⟨
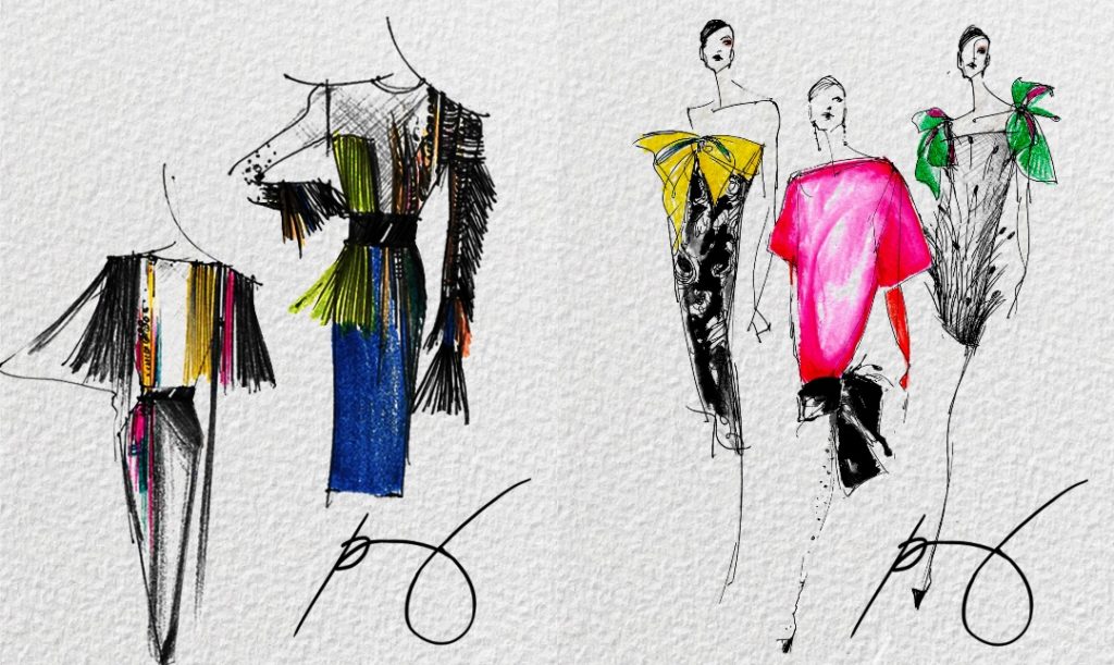 The design sketches above are from his archive in his first interview with the House of Dior under John Galliano in 2001. These depict his take on Les Années folles, the social and artistic collaborations in Paris in the 1920s. Since then, his journey shaped him into a well-rounded designer. Working for luxury and high-end street brands allowed him to “balance creativity with business,” he says. He learned to do technicalities like manufacturing, marketing, and sales. “Working in a fashion brand is all about teamwork,” he explains. Leadership, ensuring quality work, and using each person’s expertise—all these are crucial to “achieve growth for the brand you work with.”
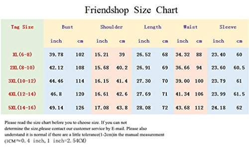 Friendshop Size Chart: US 6-8/Tag XL:Shoulder:15.35 inch/39cm---Bust:40.16 inch/102cm---Sleeve:23.62 inch/60cm---Length:26.77 inch/68cm---Waist:34.65 inch/88cm US 8-10/Tag XXL:Shoulder:15.75 inch/40cm---Bust:42.52 inch/108cm---Sleeve:23.62 inch/60cm---Length:27.17 inch/69cm---Waist:37.01 inch/94cm US 10-12/Tag 3XL:Shoulder:16.14 inch/41cm---Bust:44.88 inch/114cm---Sleeve:24.02 inch/61cm---Length:27.56 inch/70cm---Waist:39.37 inch/100cm US 12-14/Tag 4XL:Shoulder:16.54 inch/42cm---Bust:47.24 inch/120cm---Sleeve:24.02 inch/61cm---Length:27.95 inch/71cm---Waist:41.73 inch/106cm US 14-16/Tag 5XL:Shoulder:16.93 inch/43cm---Bust:49.61 inch/126cm---Sleeve:24.41 inch/62cm---Length:28.35 inch/72cm---Waist:44.09 inch/112cm 0
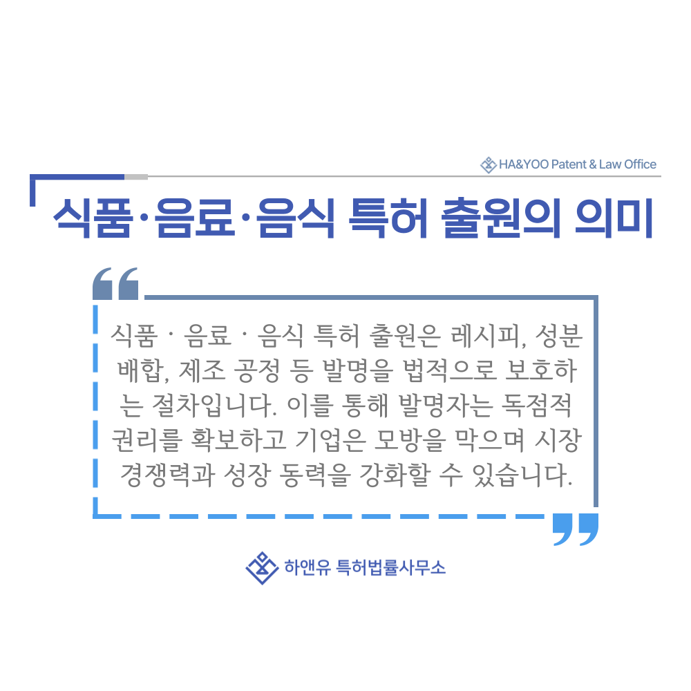 식품·음료·음식 특허 출원이란 새로운 레시피, 성분 배합, 제조 공정, 저장 및 가공 기술과 같은 발명을 특허청에 신청해 법적으로 권리화하는 절차입니다.
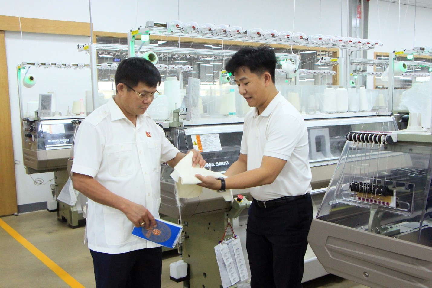 Ảnh: Đoàn khảo sát tổ chức khảo sát thực tế tại Công ty TNHH May mặc ABLE JOY
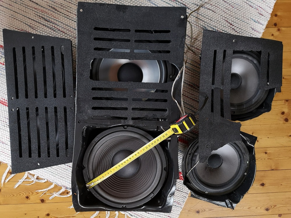 Järgmist jäätmeringi jäid ootama kõlarisisud. Äkki arvab keegi vajaliku olema ja ei peagi prügikasti täitma? Panime raadiole sappa, tegid häält küll. Kokku 6tk, kõik erineva suurusega.
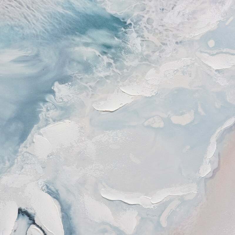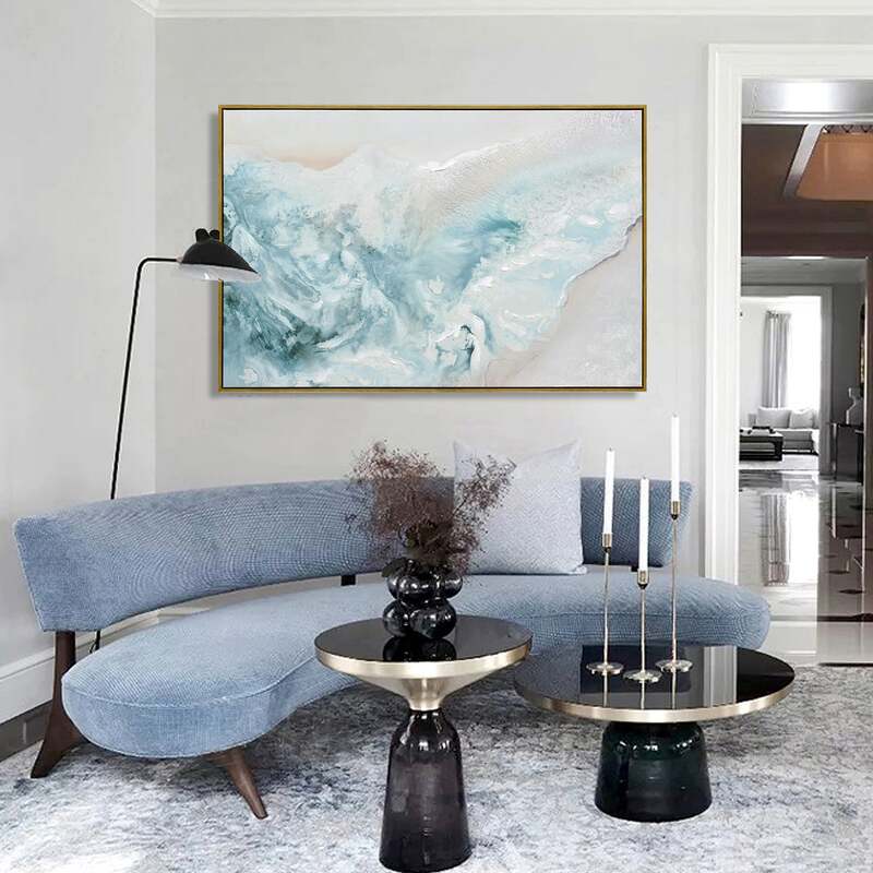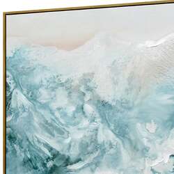 "Wave's Embrace" invites you to experience the gentle meeting of ocean and shore from a unique aerial perspective. Spanning 120cm x 80cm, this artwork captures the mesmerizing moment when a blue-toned wave, frothing with white, breaks gracefully onto pristine sand. The meticulous blend of hand-painting and print showcases the dynamic dance between the ocean's power and the softness of the beach. Encased in a sophisticated dark wood frame, the canvas paints a vivid picture of nature's tranquility and the ephemeral beauty of coastal landscapes. Whether it's the rhythmic flow of the water or the untouched purity of the sand, "Wave's Embrace" serves as a serene reminder of nature's harmonious balance.
⟩
When copying from the data above, begin at the line containing "Ảnh: Đoàn khảo" and end at the line containing "Järgmist jäätmeringi jäid"; return those lines exactly and leave all pictures behind.

 Ảnh: Đoàn khảo sát tổ chức khảo sát thực tế tại Công ty TNHH May mặc ABLE JOY
 Järgmist jäätmeringi jäid ootama kõlarisisud. Äkki arvab keegi vajaliku olema ja ei peagi prügikasti täitma? Panime raadiole sappa, tegid häält küll. Kokku 6tk, kõik erineva suurusega.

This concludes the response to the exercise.